Тем не менее отвечал терпеливо и не скрыл, что в кружку миряне кладут только медь и серебро, а полученные от богатых жертвователей бумажки Ефрем держит «на грудях». Пришли в деревню.
«Ефрем снял шапку и зазвонил в колокол. Тотчас же от колодезя... отделились два мужика. Они подошли и приложились к образу. Начались обычные расспросы: куда едешь, откуда?»
Кузьма и здесь продолжал тараторить. Он паясничал и привязывался к кому попало:
«— Ну, родня, давай божьему человеку пить! — заболтал Кузьма, хлопая по плечу то одного, то другого. — Поворачивайся!..»
«Ефрему отвели для ночлега избу бабки Авдотьи, где останавливались странники и прохожие. Ефрем не спеша распряг коня и сводил его на водопой к колодезю, где полчаса разговаривал с мужиками, а потом уже пошел на отдых. В избе поджидал его Кузьма.
— А, пришел! — обрадовался странный мужик. — Пойдешь в трактир чай пить?
— Чайку попить... оно бы ничего, — сказал Ефрем, почесываясь, — оно бы ничего, да денег нет, парень. Угостишь нешто?
— Угостишь... А на какие деньги?»
Чаепитие не состоялось. Ефрем питался Христа ради. Мир не дал ему на содержание. Поев и напившись воды, он лег и, изморенный, доверчиво заснул крепчайшим сном. Ночью он просыпался, чтобы поглядеть лошадь. Кузьмы в избе не было.
«А когда он проснулся в другой раз на рассвете, Кузьма сидел на скамье за столом и о чем-то думал. На его бледном лице застыла пьяная, блаженная улыбка.
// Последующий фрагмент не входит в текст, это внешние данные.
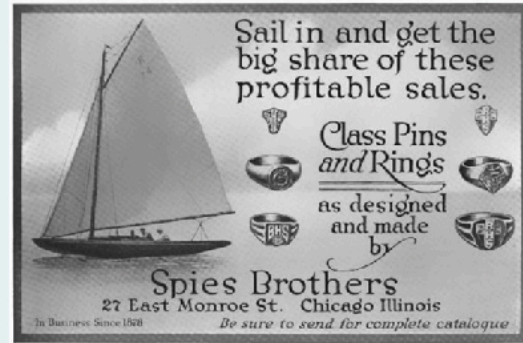
Spies Brothers - Chicago - 1919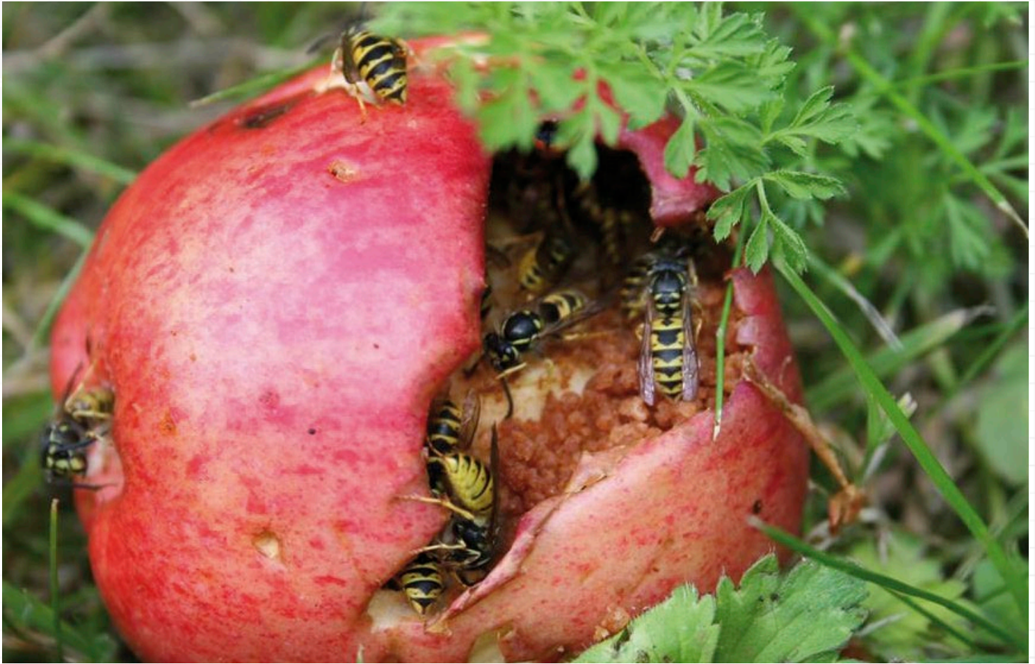
The common wasp ( Vespa vulgaris ) is much smaller than the Asian hornet - o. Duffy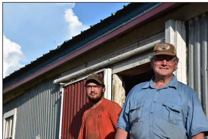
Pasture expansion, new manure storage system made possible by Clean Water Funds, NRCS assistance and help from Douglas SWCD staff will improve water quality in the Upper Chippewa River watershed as it sets beginning, retiring farmers up for the future

A remodeled parlor style barn, new manure storage facility and 59 acres of additional pasture for rotational grazing will make chores less back-breaking, allow the dairy to expand — and protect both groundwater and surface water in the Upper Chippewa River watershed.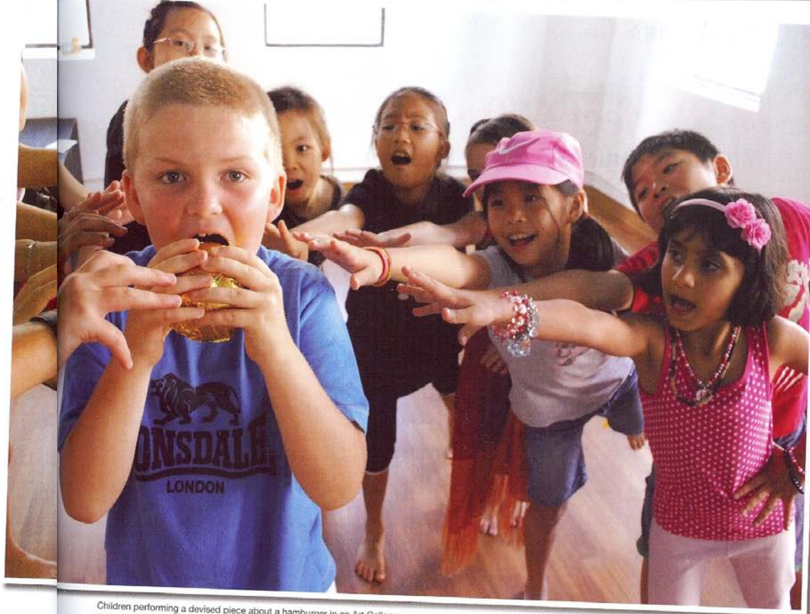
Children performing a devised piece about a hamburger in an Art Gallery.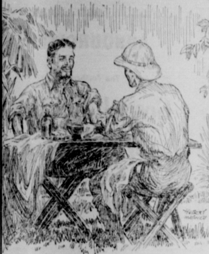
In a way, Jesse Lezear illustrates how a democracy so often calls forth the devotion and even self-sacrifice of its citizens. He is typical of the many Americans, including even a number of prisoners, who have freely offered their own lives in medical experiments for the common good.

WORKING WITH A MEDICAL RESEARCH TEAM TO FIND A CURE FOR YELLOW FEVER, DR. JESSE LEZEAR, IN 1900, VOLUNTARILY SUBMITTED TO INOCULATIONS THAT HE KNEW MIGHT KILL HIM - AND A FEW DAYS LATER, DIED OF THE DISEASE.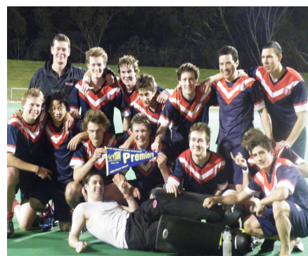
Burnside Metro 1 M Premiers 2008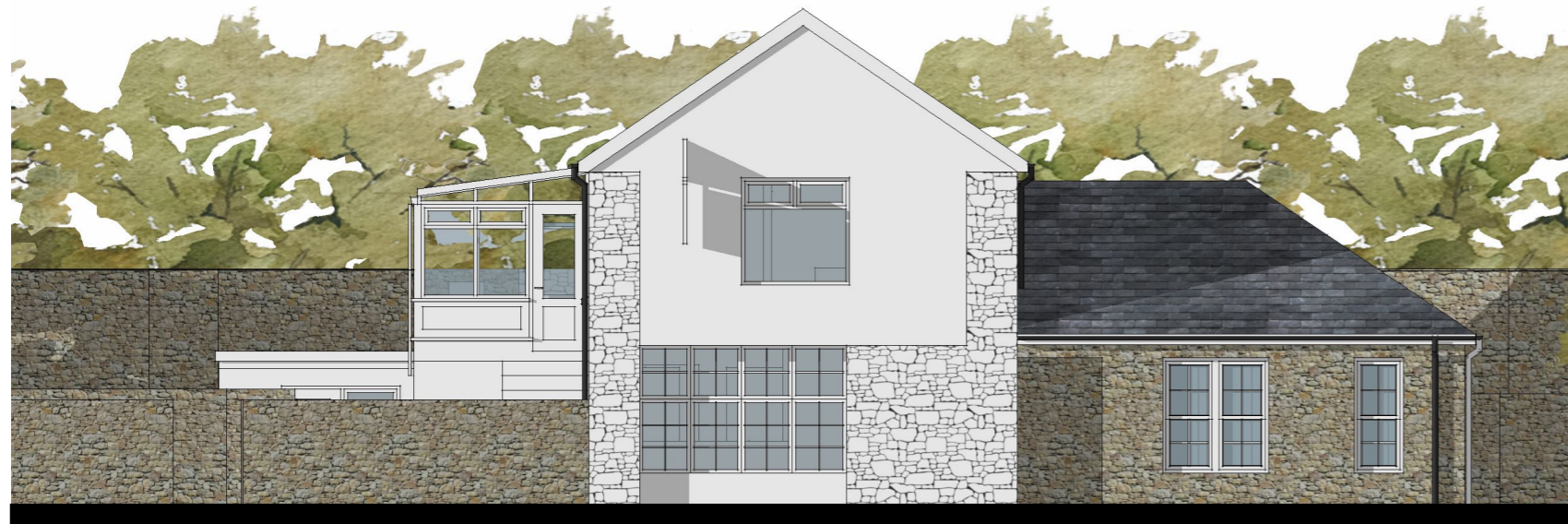
EXISTING NORTH EAST ELEVATION (ROADSIDE) | 1:100

Какие-то радужные мысли бродили в его приплюснутой голове и возбуждали его; он дышал часто, точно запыхался от ходьбы в гору.
— А, божий человек! — сказал он, заметив пробуждение Ефрема, и ухмыльнулся. — Хочешь белой булки?
— Ты где был? — спросил Ефрем.
— Гы-ы, — засмеялся Кузьма. — Гы-ы!
. . . . . . . . . . . . . . . . . . . . . . . . . . . . . . . . . .
Ефрем зевал и почесывался, но вдруг, точно его что-то больно укусило, он вскочил, быстро поднял вверх рубаху и стал ощупывать голую грудь; потом, топчась около скамьи, как медведь, он перебрал и переглядел все свое тряпье, заглянул под скамью, опять ощупал грудь.
— Деньги пропали! — сказал он.
Полминуты Ефрем стоял, не шевелясь, и тупо глядел на скамью, потом опять принялся искать.
Мать пречистая, деньги пропали. Слышишь? — обратился он к Кузьме. — Деньги пропали!..»
Ефрем был потрясен. Между ним и Кузьмой по подводу происшествия начался отрывочный диалог. Сначала Кузьма прикидывался непонимающим и равнодушным, но потом
«...поглядел на багровое лицо Ефрема и сам побагровел.
— Какие деньги? — закричал он, вскакивая.
— Деньги! Двадцать шесть рублей!
— Я их взял, что ли? Пристает, сволочь!»
Диалог продолжался. Кузьма все повышает и повышает тон и дает Ефрему затрещину...
«Ефрем только встряхнул головой и, не сказав ни слова, стал обуваться». На дальнейшую ругань и угрозы Кузьмы он уже спокойно ответил:
«— Ты не брал, ну и молчи.
— На, обыскивай!
— Ежели ты не брал, зачем же мне... тебя обыскивать? Не брал, ну и ладно...»
Когда Ефрем выехал из деревни и отправился дальше, Кузьма увязался за ним...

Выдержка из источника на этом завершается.